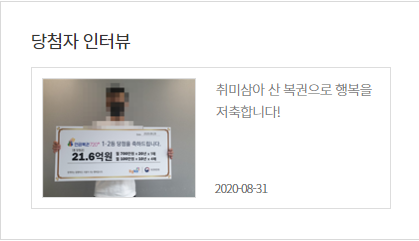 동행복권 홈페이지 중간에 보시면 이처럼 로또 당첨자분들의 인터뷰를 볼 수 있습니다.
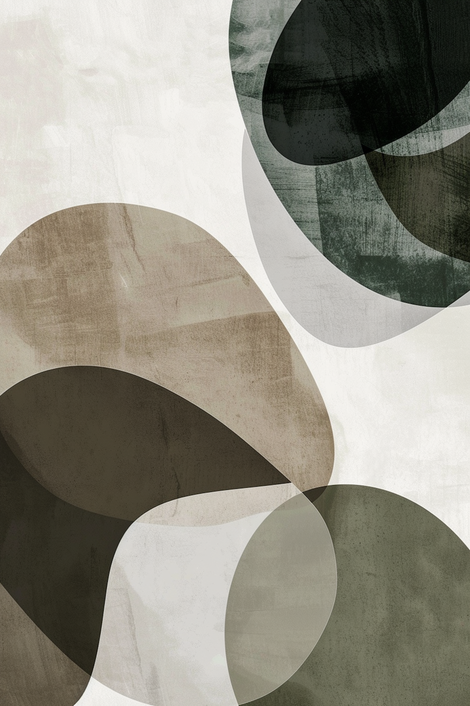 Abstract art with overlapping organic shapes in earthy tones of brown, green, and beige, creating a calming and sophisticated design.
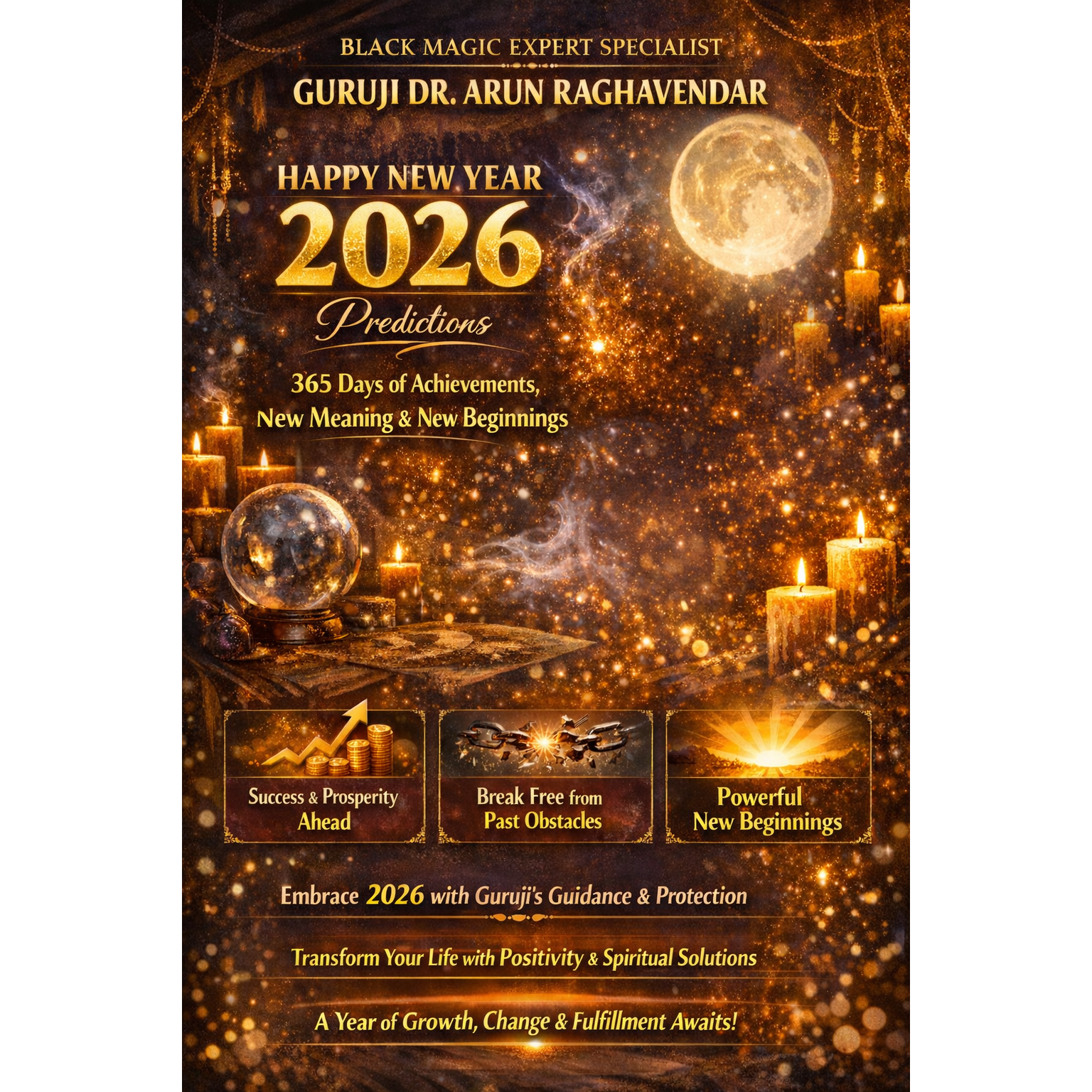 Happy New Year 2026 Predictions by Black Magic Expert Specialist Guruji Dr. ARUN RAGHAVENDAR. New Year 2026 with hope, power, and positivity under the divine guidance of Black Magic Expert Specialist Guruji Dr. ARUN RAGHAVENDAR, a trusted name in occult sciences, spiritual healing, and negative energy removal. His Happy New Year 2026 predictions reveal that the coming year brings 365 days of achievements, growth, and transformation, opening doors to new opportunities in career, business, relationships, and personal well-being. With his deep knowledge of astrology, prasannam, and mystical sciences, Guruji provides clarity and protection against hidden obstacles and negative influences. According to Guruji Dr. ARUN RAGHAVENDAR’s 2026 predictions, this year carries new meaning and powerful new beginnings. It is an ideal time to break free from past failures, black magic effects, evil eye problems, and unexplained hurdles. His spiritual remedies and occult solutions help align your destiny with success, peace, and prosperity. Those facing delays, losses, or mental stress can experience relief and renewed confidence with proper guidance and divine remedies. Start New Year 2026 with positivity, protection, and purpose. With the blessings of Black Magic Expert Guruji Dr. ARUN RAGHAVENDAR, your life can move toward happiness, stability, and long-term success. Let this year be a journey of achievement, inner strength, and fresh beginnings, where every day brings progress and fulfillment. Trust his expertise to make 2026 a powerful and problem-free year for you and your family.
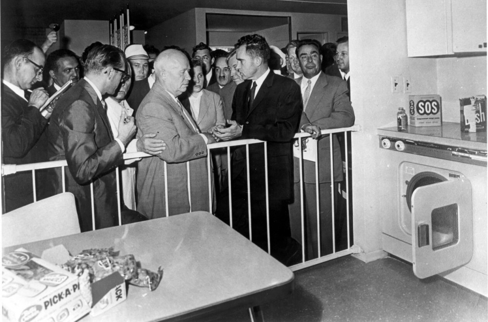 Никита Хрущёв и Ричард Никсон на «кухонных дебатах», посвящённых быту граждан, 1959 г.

☆ ☆ ☆ ☆ ☆

**What needs to be done:**
Print the whole listing exactly, please, and keep any images out of it.

**Your response:**
 동행복권 홈페이지 중간에 보시면 이처럼 로또 당첨자분들의 인터뷰를 볼 수 있습니다.
 Abstract art with overlapping organic shapes in earthy tones of brown, green, and beige, creating a calming and sophisticated design.
 Happy New Year 2026 Predictions by Black Magic Expert Specialist Guruji Dr. ARUN RAGHAVENDAR. New Year 2026 with hope, power, and positivity under the divine guidance of Black Magic Expert Specialist Guruji Dr. ARUN RAGHAVENDAR, a trusted name in occult sciences, spiritual healing, and negative energy removal. His Happy New Year 2026 predictions reveal that the coming year brings 365 days of achievements, growth, and transformation, opening doors to new opportunities in career, business, relationships, and personal well-being. With his deep knowledge of astrology, prasannam, and mystical sciences, Guruji provides clarity and protection against hidden obstacles and negative influences. According to Guruji Dr. ARUN RAGHAVENDAR’s 2026 predictions, this year carries new meaning and powerful new beginnings. It is an ideal time to break free from past failures, black magic effects, evil eye problems, and unexplained hurdles. His spiritual remedies and occult solutions help align your destiny with success, peace, and prosperity. Those facing delays, losses, or mental stress can experience relief and renewed confidence with proper guidance and divine remedies. Start New Year 2026 with positivity, protection, and purpose. With the blessings of Black Magic Expert Guruji Dr. ARUN RAGHAVENDAR, your life can move toward happiness, stability, and long-term success. Let this year be a journey of achievement, inner strength, and fresh beginnings, where every day brings progress and fulfillment. Trust his expertise to make 2026 a powerful and problem-free year for you and your family.
 Никита Хрущёв и Ричард Никсон на «кухонных дебатах», посвящённых быту граждан, 1959 г.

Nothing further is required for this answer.